3. Draw Land Pattern Geometry
Add the required pad, openings and clearance shapes onto corresponding PCB layers.
4. Assign Pinout
Designate pad connectivity by assigning package ball numbers to land pattern pads.
5. Add Keepout Areas
Define assembly or routing exclusion areas under package body outline.
6. Include Markings
Add layer-specific text and symbols like polarity marks, identifiers and fiducials.
7. Check Rules
Validate footprint versus IPCD-7351C standards or device specifications.
Once created, footprints can be saved to reusable libraries for placement across designs.match ref
Below is a diagram of a sample BGA footprint cross-section in CAD software:
As illustrated, a BGA footprint contains the solder pads, solder mask expansions, paste layers and other features required to mount the package.
BGA Assembly Process and Reflow Soldering
To mount a BGA component on a PCB, solder balls on the package must be reflowed and fused with the footprint pads using solder paste.
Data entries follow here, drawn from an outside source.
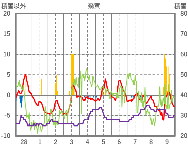 | 日 | 時 | 気温 | 降水 | 風向/風速 | 日照 | 積雪 | 降雪 |
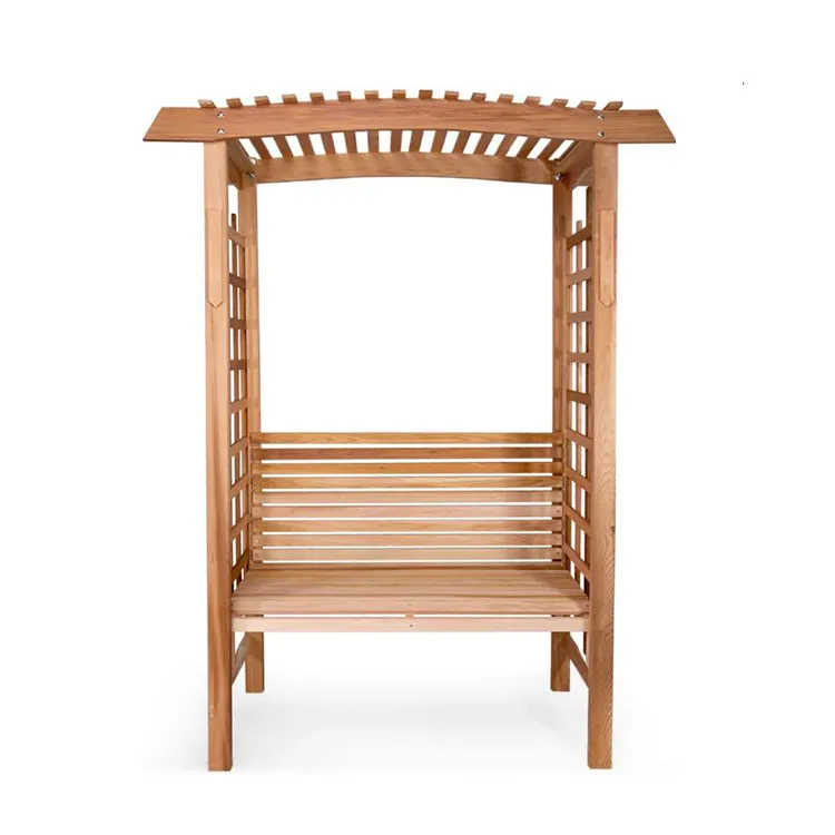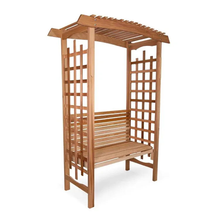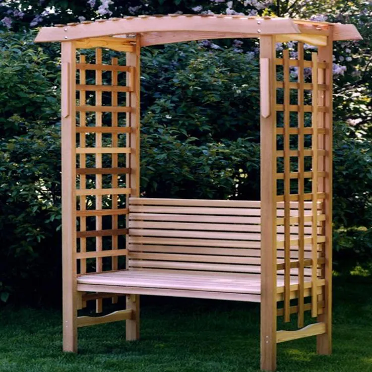 - Diseño 2 en 1: Integra un banco de madera bajo una pérgola arqueada, perfecto para relax o como soporte para enredaderas como rosas o hiedras.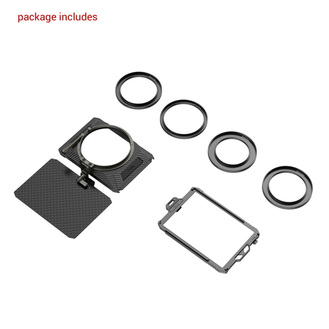 Portafiltros fácil de guardar (ID: 3319/3320), que se puede fijar rápidamente al mattebox mediante una abrazadera NATO, tiene capacidad para varios filtros deslizantes de 4 x 5,65"/4 x 4" y 4 mm de grosor, protege los filtros contra caídas accidentales y evita arañazos y huellas dactilares al cambiarlos. La tapa superior ajustable de fibra de carbono bloquea la luz solar o la luz intensa y, gracias a su diseño antirreflectante, evita los reflejos internos.

Key steps include:
PCB Pad Preparation
Expose fresh solderable metal on pads and apply solder paste using stencils. Nano coating helps anchor paste.
BGA Placement
Use optical systems to align balls perfectly with paste deposits on pads. Apply tack flux.
Reflow Attachment
Heat assembly above liquidus temperature (~220°C) to melt the solder paste and alloy balls and pads.
Inspection
Verify all ball connections formed proper fillets without shorts between pads using X-ray imaging.
Proper footprint design along with precision assembly and soldering is imperative for reliable BGA connectivity.
Conclusion
In summary, the BGA land pattern constitutes the layer of pad and aperture geometries on the PCB, while the footprint includes all of the land layers in addition to keepouts, pastes and markings used for assembly. Precisely matching PCB footprints to BGA packages based on specifications is critical prior to fabrication. This helps ensure sound solder joints after reflow attachment during the soldering process. Careful design verification and assembly practices enable reliable interconnections.
Frequently Asked Questions
What is the main purpose of a BGA footprint?
The primary purpose of a BGA footprint is to define compatible pad geometries and clearances on a PCB to match the layout of solder balls underneath BGA packages. This provides suitable areas for ball/pad interconnection after reflow.